Serena starts the episode by parroting empty platitudes about service and patience, but she ends byquoting Isaiah. Eden’s death seems to hit her hardest—perhaps both as a Wife who has herself seen the less-than-shiny truth of Gilead’s reality, and as a new mother worrying that it could be her daughter up on that diving board someday. She also allows Offred to come in and nurse Holly; she’s able to watch it with a small smile instead of jealous rage, because she knows it’s the best thing for her (their) daughter. “Even the captives of the mighty shall be taken away,” Serena says under the guise of quoting the Lord, “and the prey of the terrible will be delivered, for I will contend with he who contends with you. And I will save your children.”

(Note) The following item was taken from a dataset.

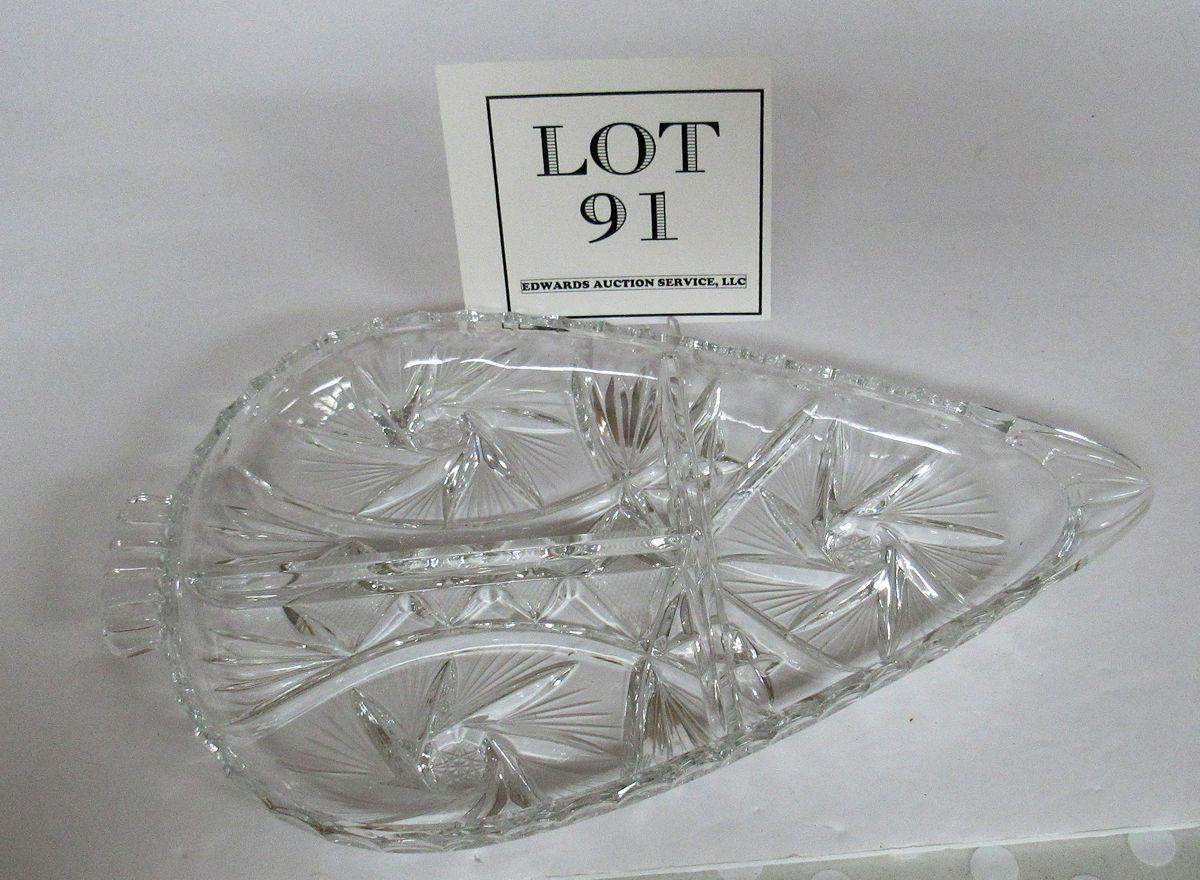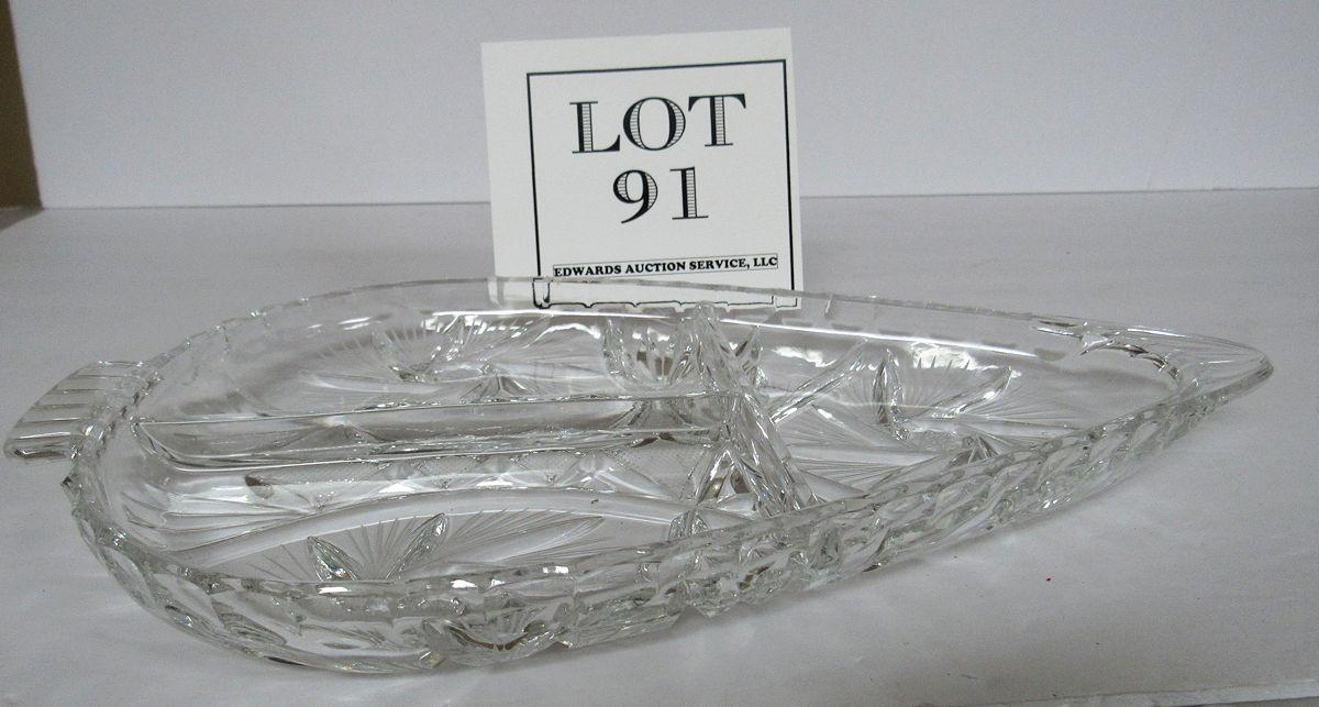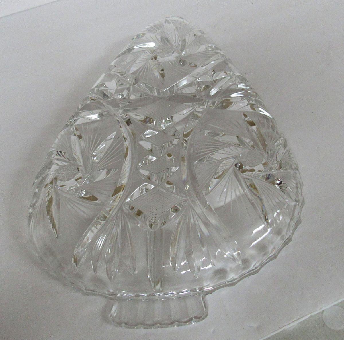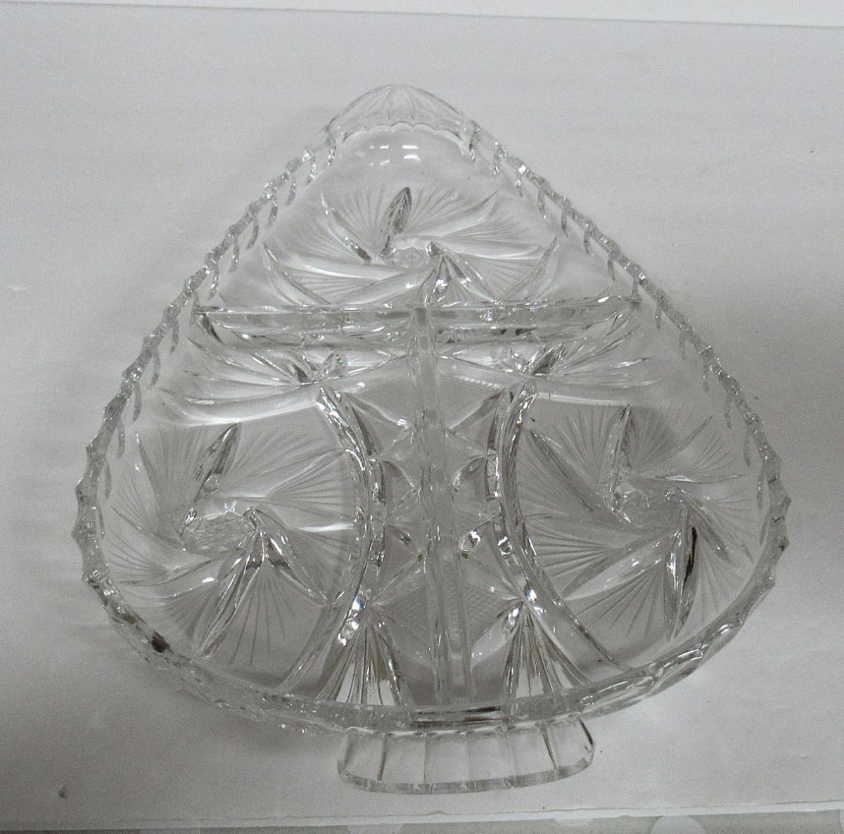 Large Crystal Divided Relish Dish Shaped Like Arrowhead

- I was racking my brain to figure out what meaning Nicole could have, as I could see Serena having picked out the name back when she was packing that chest of baby clothes. It is Greek and means “victory of the people” (lololol), then it finally occurred to me: NICOLE. NICK. Seems too nice of Serena for it to be intentional, but still.
- Eden reciting the “love is patient, love is kind” Bible verse that Fred read the night of their wedding, oof.
- I so wanted Commander Lawrence to be a secret rebel, with his eclectic paintings and freely-speaking Martha, but nooope. That house is still a fucking horror show, though. Not exactly sure where this plot is going.
- How did I never notice that Handmaids carry red suitcases? Gilead really has its branding down.